Faced with a
pancreatic cancer often diagnosed too late, oncologists have two major first-line chemotherapies at their disposal, without knowing which will give the best chance for a given patient. A team from Cedars-Sinai, in the United States, has just presented a tool forartificial intelligence (AI) which promises to help decide.
Two heavy chemotherapies, but no obvious choice
Until now, the choice is made mainly on the general condition and experience of the doctor. “Currently, we do not have conclusive data showing which of the two chemotherapy regimens approved for patients with advanced pancreatic cancer is more effective. So we start with one, do our best to quickly assess the patient’s response, and change if necessary“, explained Andrew Hendifar, medical director of the Pancreatic Cancer program at Cedars-Sinai Cancer, quoted by Cedars-Sinai. Enough to make you want to know more.
The most common form, pancreatic ductal adenocarcinoma, remains one of the deadliest cancers, with a median survival of just over one year in a metastatic situation. In the first line, two chemotherapy regimens dominate:
FOLFIRINOXa cocktail of four drugs, and the association gemcitabine plus nab-paclitaxel. The trials did not show a clear preference between the two.
For the patient, first receiving the “bad” chemotherapy means several months of heavy toxicity with limited benefit, then a change of treatment sometimes too late.
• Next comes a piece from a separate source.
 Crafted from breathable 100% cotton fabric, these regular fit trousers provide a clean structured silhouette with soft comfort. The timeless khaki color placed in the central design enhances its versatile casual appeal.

Biomarkers exist in other cancers to guide these choices, but no such signature was available for the pancreas.
CHAI, the AI that reads biopsy slides to guide chemo
Researchers used digital pathology platform
CHAIfor Computational Histology Artificial Intelligence. The idea: scan the images of microscopic slides containing samples of tumor tissue, colored to highlight the tiniest details of the cells, then let the algorithm analyze, pixel by pixel, the shape of the nuclei, the organization of the cells, the presence of fibrous tissue or immune cells, among more than 30,000 possible characteristics. Almost all patients already have this slide at the time of diagnosis.
Starting from samples of 25,000 patients with pancreatic cancer treated by one or the other protocol, the team constructed a biomarker called GvF, which classifies each tumor into two profiles: F-pref (FOLFIRINOX preference) or G-pref (gemcitabine preference). Thanks to the platform’s artificial intelligence capabilities, it was possible to analyze more than 30,000 different characteristics of tissue samples. The researchers then correlated these tissue characteristics with treatment response to create a predictive tool.
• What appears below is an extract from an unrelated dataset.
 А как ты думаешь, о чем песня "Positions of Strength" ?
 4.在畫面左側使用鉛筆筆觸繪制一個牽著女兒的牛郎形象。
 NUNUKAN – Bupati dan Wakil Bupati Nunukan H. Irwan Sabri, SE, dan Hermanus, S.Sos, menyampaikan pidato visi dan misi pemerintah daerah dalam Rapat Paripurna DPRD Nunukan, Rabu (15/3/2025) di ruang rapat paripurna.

When they tested the tool on data from a large clinical trial using both pancreatic cancer treatment regimens, they found that it was able to accurately predict each patient’s response to the treatment they received.
Months of potential gain, an AI still in clinical validation
In the validation cohort, 57.9% of patients were classified as F-pref and 42.1% as G-pref. Among F-pref, those who actually received FOLFIRINOX-type chemotherapy lived a median of 14.4 months, compared to 11.7 months with a gemcitabine regimen. In G-pref, gemcitabine made it possible to keep the disease under control 9.6 months before switching lines, compared to 7.2 months with FOLFIRINOX – with no difference in overall survival. In total, almost one in two patients would theoretically have received another treatment if AI had been used from the start.
“If the probability that a given treatment will benefit a patient is 50%, which is quite common in oncology, then this tool could prove very useful in helping doctors and patients make decisions.“, Hendifar said. “In addition, we can train this digital tool to choose not only between two available treatments, but also between several”.
The tool has another very concrete advantage. “Unlike most biomarker tests, which require additional tissue or blood collection, this test only requires a digital image of the patient’s biopsy slide. Simply send the image electronically to quickly receive a result indicating the recommended treatment. We don’t just know which treatment is preferable; we also discover how much more effective it is likely to be“, detailed Andrew Hendifar.
The team insists, however: new studies, including other protocols and more fragile patients, remain necessary before routine use, but this type of AI could ultimately be extended to many solid cancers.